To borrow a phrase from his namesake Winston Churchill, Winston Peters is a riddle wrapped in a mystery inside an enigma.
I haven’t got the space (or inclination) to carry out a biographical study of one of Parliament’s longest-serving members. Such biographies delve into not only the subject’s achievements but also their psyche, and that, in this case, would be a mysterious place indeed.
There’s no question Peters has an impressive range of talents, but his actual achievements have always fallen well short of those innate and well-honed abilities. He’s whip-smart, for a start.
His oratorical skills can shift from the technical to the populist in the blink of an eye. Those who’ve been around him will tell you he has a great sense of humour.
He can hold a room or a large crowd with his charm and wit, and performs with competence in foreign affairs. He knows how to get his point across through the media while simultaneously bashing the media. On so many fronts, he can run rings around anyone in Parliament, including his current coalition partners.
But those talents belie a hollow brittleness to Peters, which has sabotaged his ability to actually achieve anything of note.
David Lange joked in his valedictory speech that Peters wasn’t present because he’d been detained by a full-length mirror. But is that vanity the flip side of an insecurity?
It should be remembered that Peters started his political career as a young lawyer who recognised Māori were still losing land to crown actions before he stood for the Northern Māori seat in 1975.
He fought with others from Ngāti Wai to retain coastal land in a campaign that was one of one of the catalysts for the Māori Land March and his association with Dame Whina Cooper.
But somewhere along the way, he realised that instead of fighting for Māori, there was more of a political career in appealing to Pākehā fears of Māori.
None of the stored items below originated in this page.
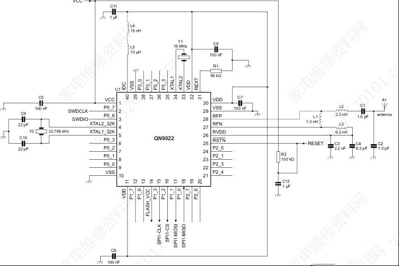 | 收到同行送来的故障机壹台米家电水壶,刚开始以为是一般的机械式电水壶,满口答应,第二天打开一看是米家恒温电水壶,手柄上还有蓝牙标记,电水壶用蓝牙控制,我还是第一次看到。立马插上电按煮沸、保温两按钮无反应,手机蓝牙也搜索不到设备。 打开电水壶底部,检查主板上电源AC 220V正常、整流后DC 310V正常,非隔离降压模块输出DC 9V正常、供手柄上蓝牙模块电压3.3V也正常,检查加热控制继电器线圈、接点正常,拆下来测试动作/返回电压也正常,但继电器上有4.87V电压,深入检查驱动继电器的三极管基极电压是从蓝牙控制模块来,基极上有0.64V电压,检查此控制回路电阻元件正常。 维修了一天没有结果,只能怀疑蓝牙控制模块,从网上搜索到该蓝牙控制模块上的芯片的相关电路图。检查触摸按钮芯片TS02N,分别用手接触煮沸、保温两按钮,对应的out1、out2电位由3.3V变0V,松手后又回到3.3V,说明按钮控制回路正常,该两点电位送到蓝牙模块后蓝牙模块无反应,怀疑蓝牙芯片的外回阻容器件,检查外回电阻正常,电容也正常;决定怀疑16M晶振,更换X1晶振,一上电按钮灯瞬间一亮,奇迹出现。 下载米家APP到手机,选择电水壶,蓝牙链接成功,烧开水手机上显示温度一度一度上升,直至沸腾继电器动作断开加热,保温功能选择80度测试, 当温度跌至75度时自动加热至80度后断开加热,一切都恢复正常,故障修复。 |
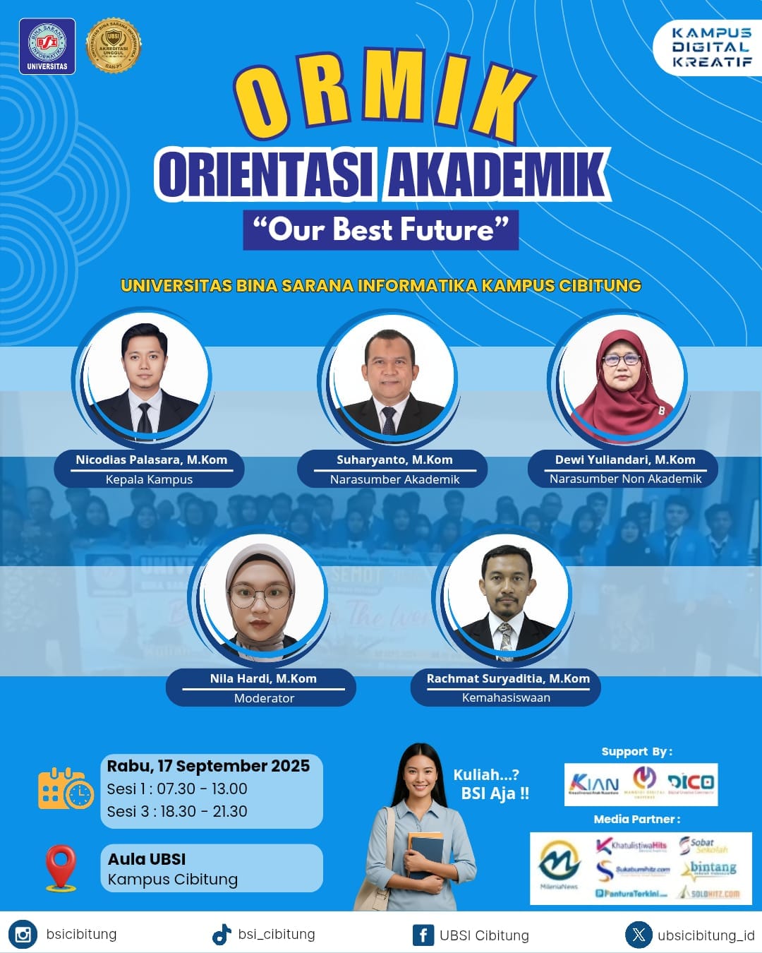 ORMIK ini wajib diikuti oleh seluruh mahasiswa baru UBSI Kampus Cibitung, khususnya kamu yang sudah mendaftar di prodi Sistem Informasi, Teknologi Informasi, Manajemen, dan Ilmu Komunikasi.
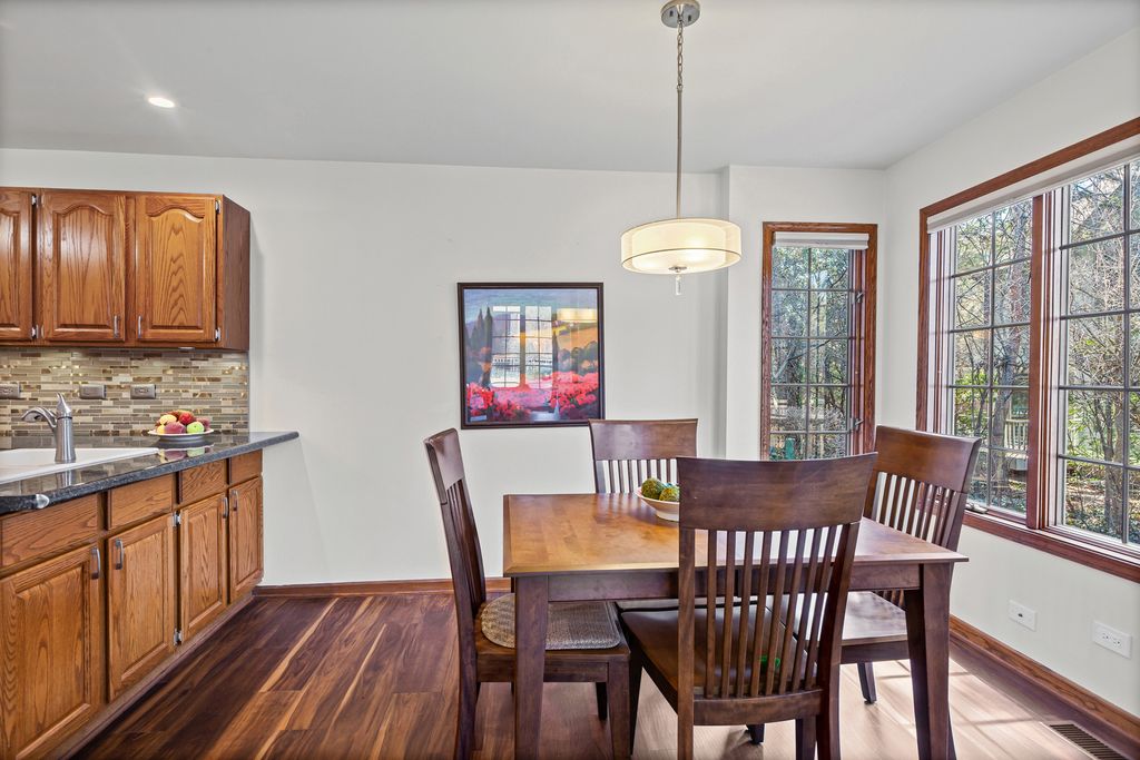 Welcome to this highly desirable Woodlands first-floor ranch townhouse in Darien, IL. Offering true one-level living plus a full unfinished basement. The spacious combination living and dining rooms feature a cozy gas fireplace and abundant natural light, creating a warm and inviting atmosphere. The dining room opens to a spacious deck with a side porch. The perfect place for entertaining, grilling, or relaxing outdoors. The primary suite includes a private bath with double sinks, a walk-in shower, and generous closet space, while the second bedroom is ideal for guests, a home office, or flex space. The second full bath and first-floor laundry make living a breeze. A full unfinished basement provides exceptional flexibility for a home gym, workshop, storage, or future finished living space. Many improvements have been completed over the last ten years, offering peace of mind and move-in-ready convenience. Located near parks, shopping, dining, major highways, and highly rated schools, this Woodlands ranch combines low-maintenance living with space and comfort. Book a showing to see this property!

It’s a trick he keeps pulling out of the hat.
Peters grew up in my father’s generation and many from that generation can painfully remember being beaten at the Native Schools for speaking their mother tongue. But it wasn’t just physical punishment.
Many Māori imbibed the view that the only way to get ahead was to forget you were Māori. “Hori” became the derogatory term for being culturally or socially Māori.
Anything negative associated with being Māori, such as poverty, how you spoke or your clothes or lack of shoes, could be mocked as Hori.
Even the Māori Women’s Welfare League, of which Dame Whina was the founding president, fell into this trap. The league lobbied to ban the publication of a photo essay by Ans Westra in a school journal that showed a rural Māori whānau going about their day. The kids looked perfectly happy but the poverty that the images portrayed wasn’t the way the league wanted Māori to be perceived.
This internalised self-loathing does more damage than any insults from a Pākehā racist. Whether deliberate or not, Peters has a track record of positioning himself as the safe, civilised Māori who can protect Pākehā New Zealand from the unwashed, lazy, uneducated Horis, the radical activists, the incompetent corporate iwi leaders, or any other version of Māori that he conjures up.
And it’s worked, for him, at least. His latest iteration is barking on about woke ideology, which he further denounced in a state of the nation address that captured everything from climate-change mitigation to water fluoridation.
Early in his career, Peters targeted Labour MP Koro Wētere regarding a scandal that was more hype than substance. But Wētere later took great delight in humiliating Peters in the House when he answered one of Peters’ questions in Māori without providing a translation. Peters could only sit there stewing.
I know of one retired Māori public servant who says when they spotted Peters around Parliament, they’d loudly greet him with a “kia ora”, just to wind him up. Peters would studiously ignore them and keep walking.
Peters will either studiously ignore this column or deploy his usual means of defence – attack. There will be some grouchy insults that he’ll sling, embellished with pompous adjectives such as “manifestly” and “demonstrably” to try to sound authoritative.
It’s disappointing that he doesn’t exert the same energy attacking the issues that matter, particularly those that affect Māori.
There are many issues facing Māori, such as having one of the highest rates of suicide in the world. Or the inequalities in health, incarceration and housing. When have you heard Peters speak up on these with any sustained outrage?
The shame is he had the talent and position to bridge gaps and speak across boundaries and be a leader that led. Instead, he has made his career pretending to fight against division while carefully cultivating divisions, just to maintain his profile.
He’s still detained by the full-length mirror.